◆ **ASSIGNMENT**
Transcribe the entries exactly. Start at the top, stop after the line with "Westerbeke W-27A - DC", and omit every picture.

========================

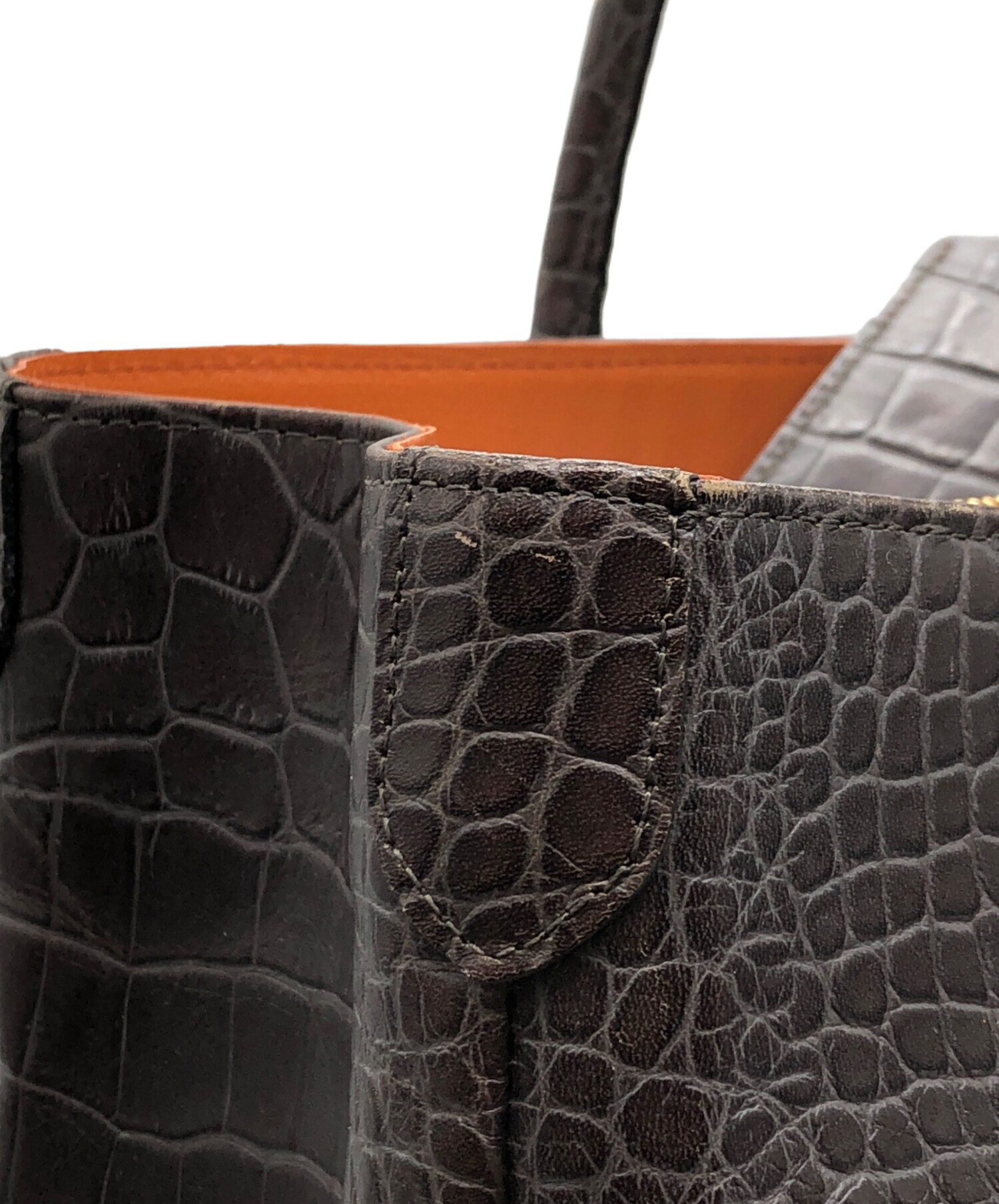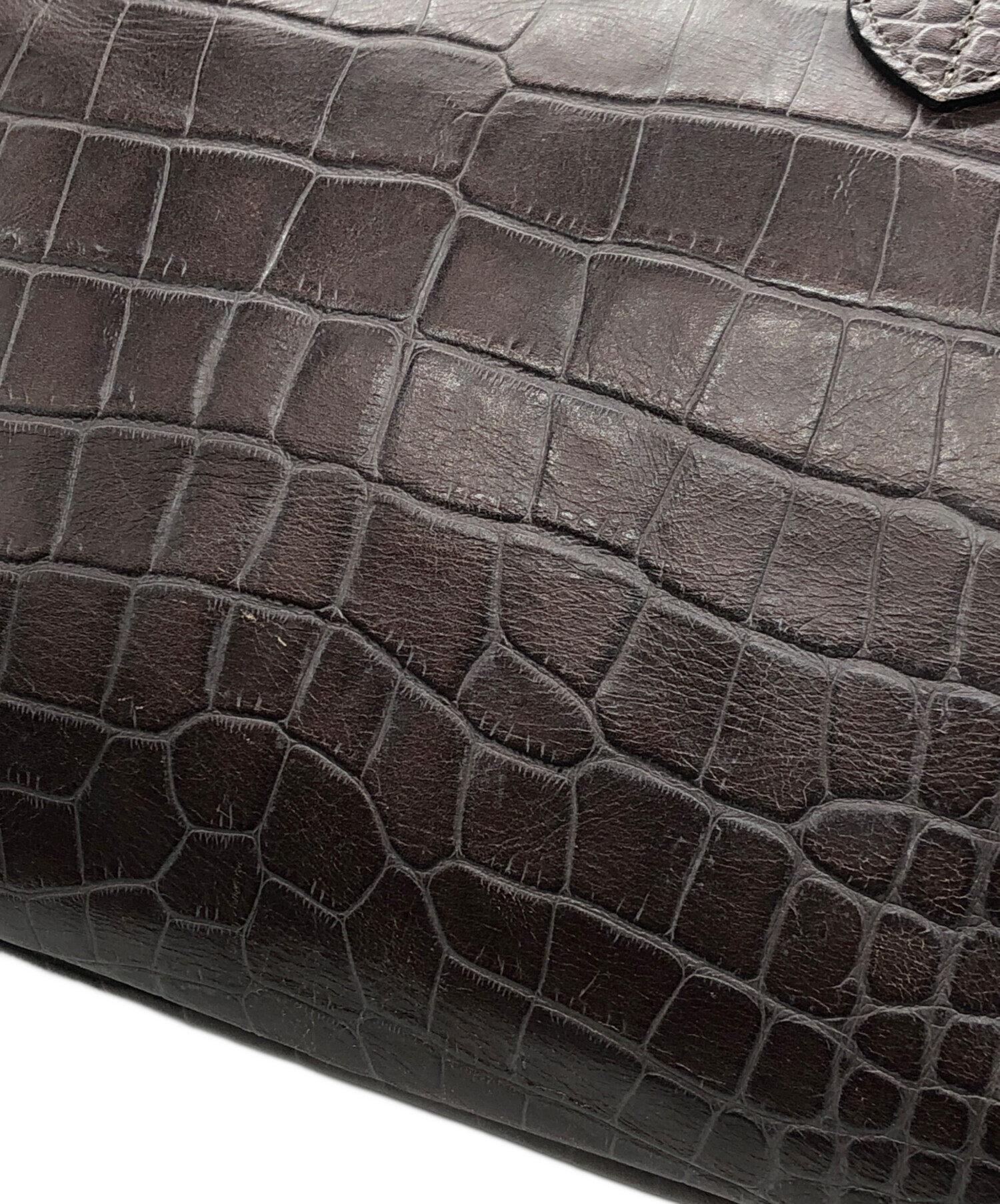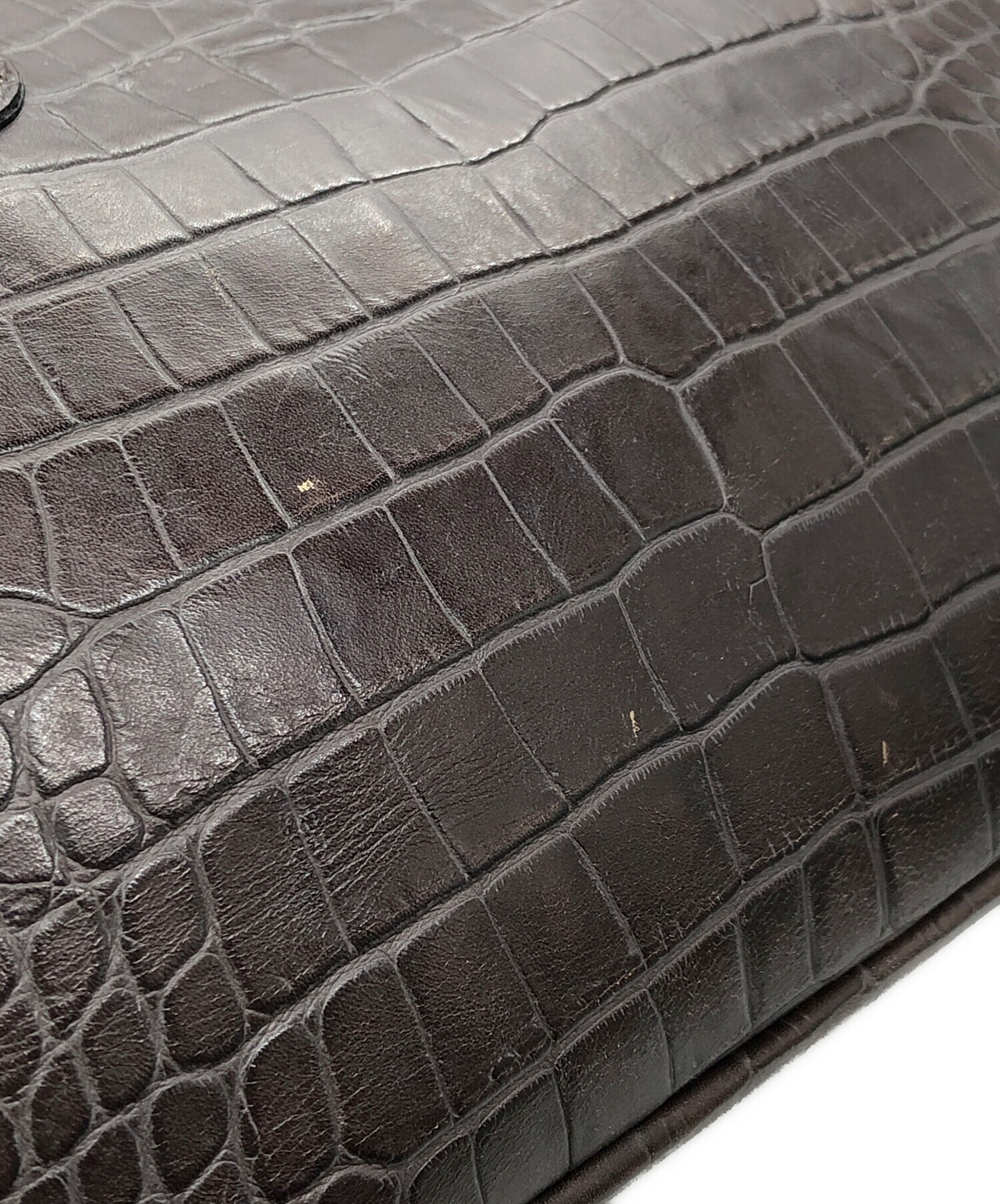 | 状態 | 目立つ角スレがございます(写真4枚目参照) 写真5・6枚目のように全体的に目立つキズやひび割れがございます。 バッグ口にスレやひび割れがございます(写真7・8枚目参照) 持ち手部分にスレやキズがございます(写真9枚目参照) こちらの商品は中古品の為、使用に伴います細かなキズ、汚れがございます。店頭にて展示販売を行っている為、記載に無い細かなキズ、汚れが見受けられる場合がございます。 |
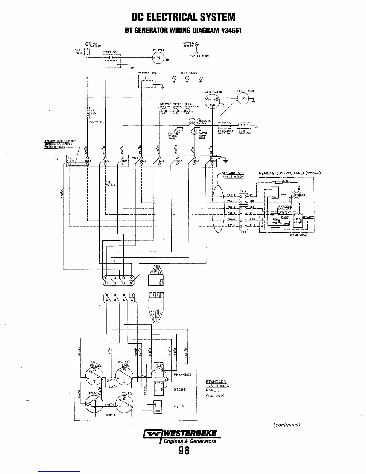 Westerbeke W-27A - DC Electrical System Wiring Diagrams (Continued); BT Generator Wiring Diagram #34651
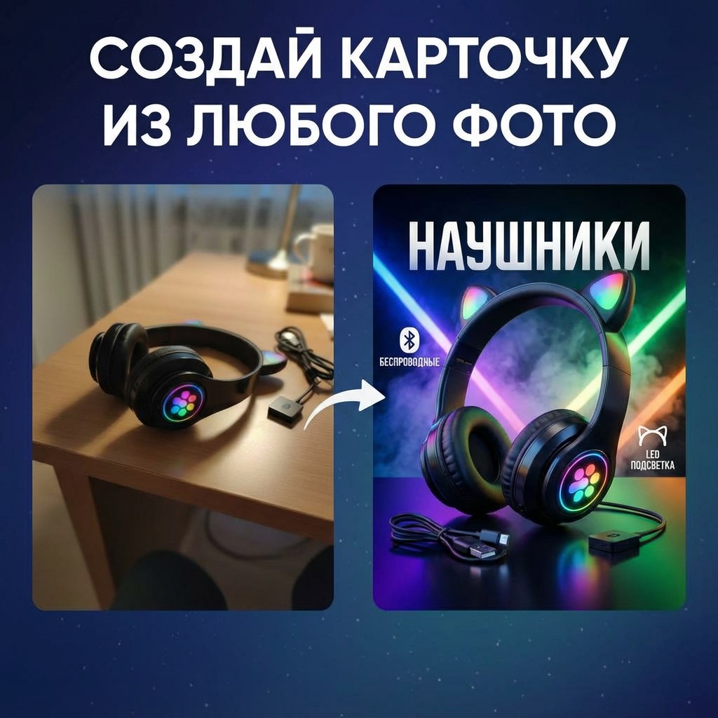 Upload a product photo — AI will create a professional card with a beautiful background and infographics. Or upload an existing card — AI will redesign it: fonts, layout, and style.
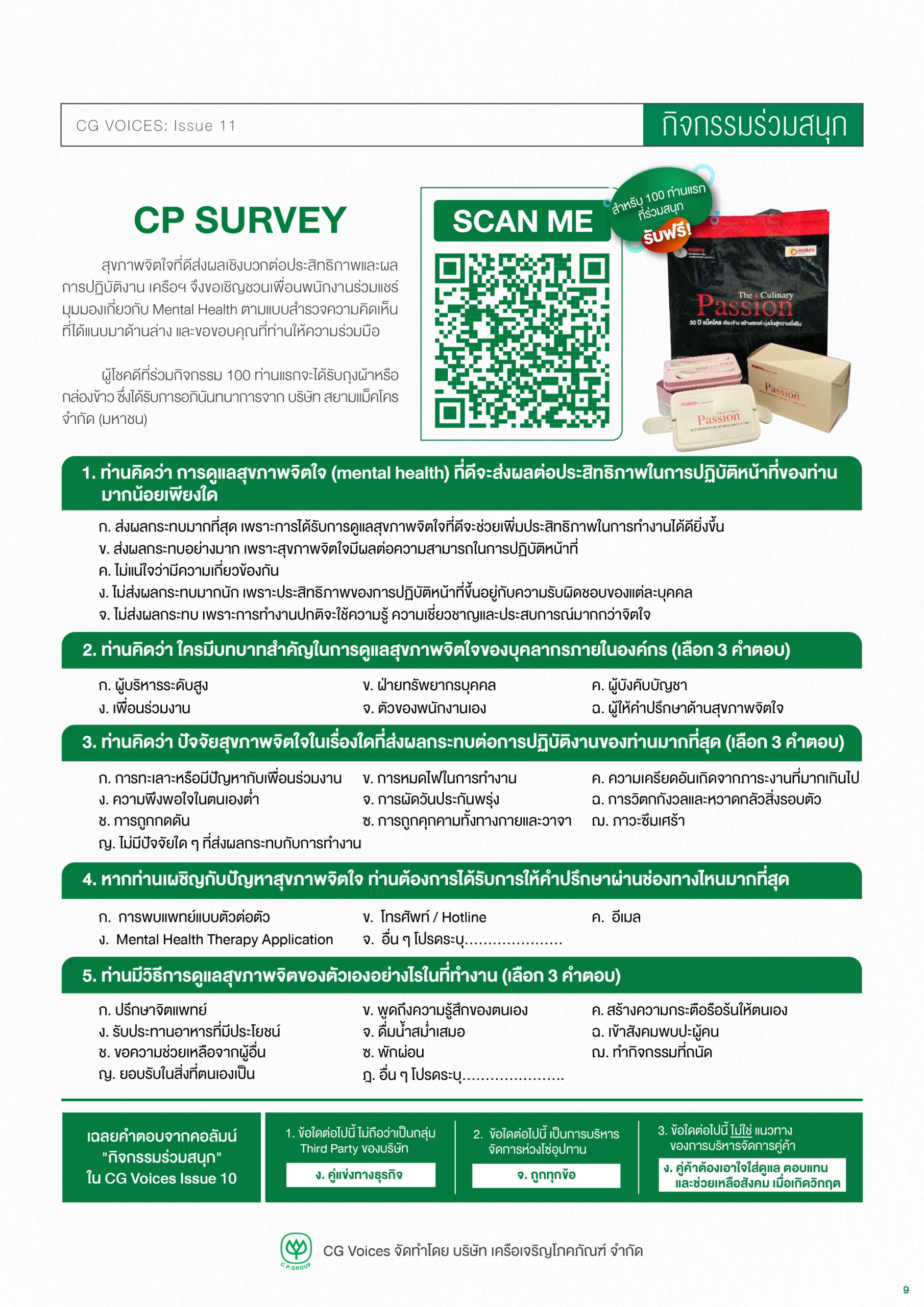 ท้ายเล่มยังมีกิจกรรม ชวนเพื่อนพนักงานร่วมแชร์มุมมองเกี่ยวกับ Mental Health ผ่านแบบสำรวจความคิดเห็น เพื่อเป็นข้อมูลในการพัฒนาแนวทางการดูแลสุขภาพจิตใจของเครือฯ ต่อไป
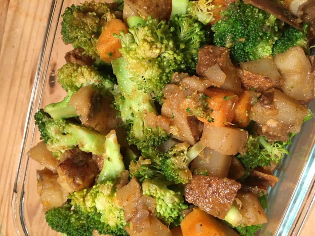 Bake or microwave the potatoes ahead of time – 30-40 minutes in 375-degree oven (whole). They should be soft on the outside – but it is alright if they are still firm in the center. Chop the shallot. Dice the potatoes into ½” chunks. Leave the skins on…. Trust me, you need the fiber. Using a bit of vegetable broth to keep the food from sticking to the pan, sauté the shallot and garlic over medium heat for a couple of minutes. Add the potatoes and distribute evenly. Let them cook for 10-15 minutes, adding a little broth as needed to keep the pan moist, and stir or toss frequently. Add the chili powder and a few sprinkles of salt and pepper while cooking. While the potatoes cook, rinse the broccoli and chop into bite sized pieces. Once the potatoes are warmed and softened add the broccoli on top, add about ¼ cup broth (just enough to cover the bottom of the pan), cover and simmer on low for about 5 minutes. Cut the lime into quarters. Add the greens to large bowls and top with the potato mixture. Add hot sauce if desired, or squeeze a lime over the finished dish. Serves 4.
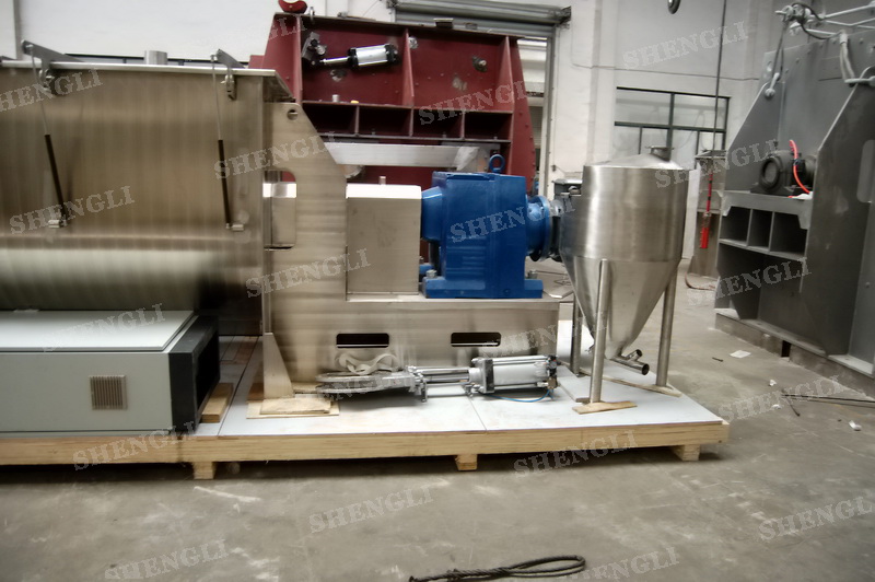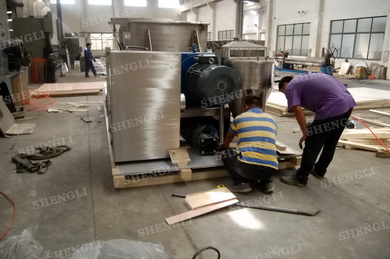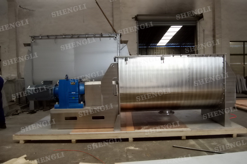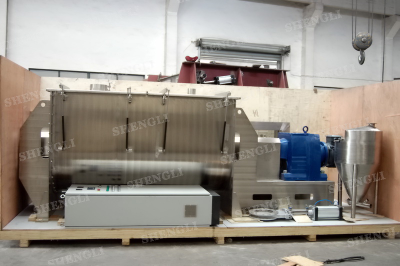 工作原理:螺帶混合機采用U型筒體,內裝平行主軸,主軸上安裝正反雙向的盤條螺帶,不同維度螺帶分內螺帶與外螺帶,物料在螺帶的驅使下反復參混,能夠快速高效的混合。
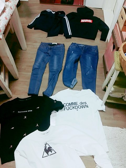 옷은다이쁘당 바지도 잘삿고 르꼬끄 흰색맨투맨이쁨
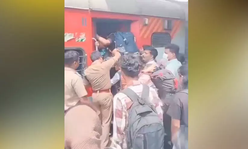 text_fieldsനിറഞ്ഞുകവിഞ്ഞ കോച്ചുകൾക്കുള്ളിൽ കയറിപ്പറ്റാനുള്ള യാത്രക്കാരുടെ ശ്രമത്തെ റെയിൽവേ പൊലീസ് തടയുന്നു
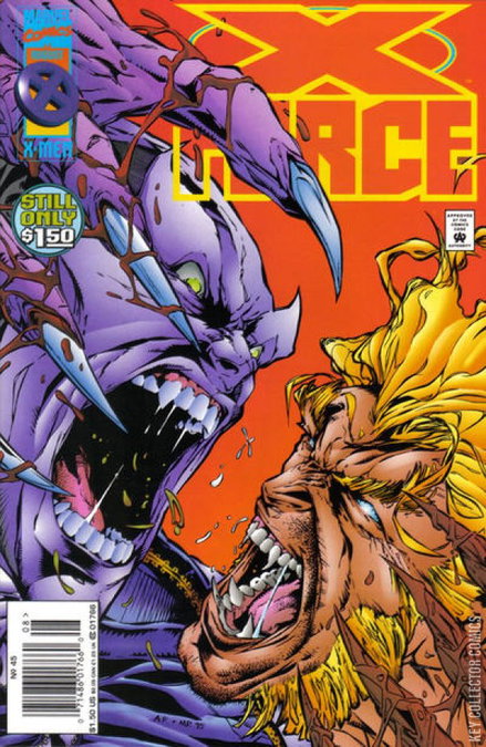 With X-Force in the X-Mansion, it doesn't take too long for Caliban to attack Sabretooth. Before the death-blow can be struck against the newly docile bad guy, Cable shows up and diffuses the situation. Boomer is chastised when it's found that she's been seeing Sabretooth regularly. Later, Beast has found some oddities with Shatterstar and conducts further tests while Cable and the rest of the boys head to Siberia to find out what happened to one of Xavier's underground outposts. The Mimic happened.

========================

◆ **EXERCISE RESULT**
 | 状態 | 目立つ角スレがございます(写真4枚目参照) 写真5・6枚目のように全体的に目立つキズやひび割れがございます。 バッグ口にスレやひび割れがございます(写真7・8枚目参照) 持ち手部分にスレやキズがございます(写真9枚目参照) こちらの商品は中古品の為、使用に伴います細かなキズ、汚れがございます。店頭にて展示販売を行っている為、記載に無い細かなキズ、汚れが見受けられる場合がございます。 |
 Westerbeke W-27A - DC Electrical System Wiring Diagrams (Continued); BT Generator Wiring Diagram #34651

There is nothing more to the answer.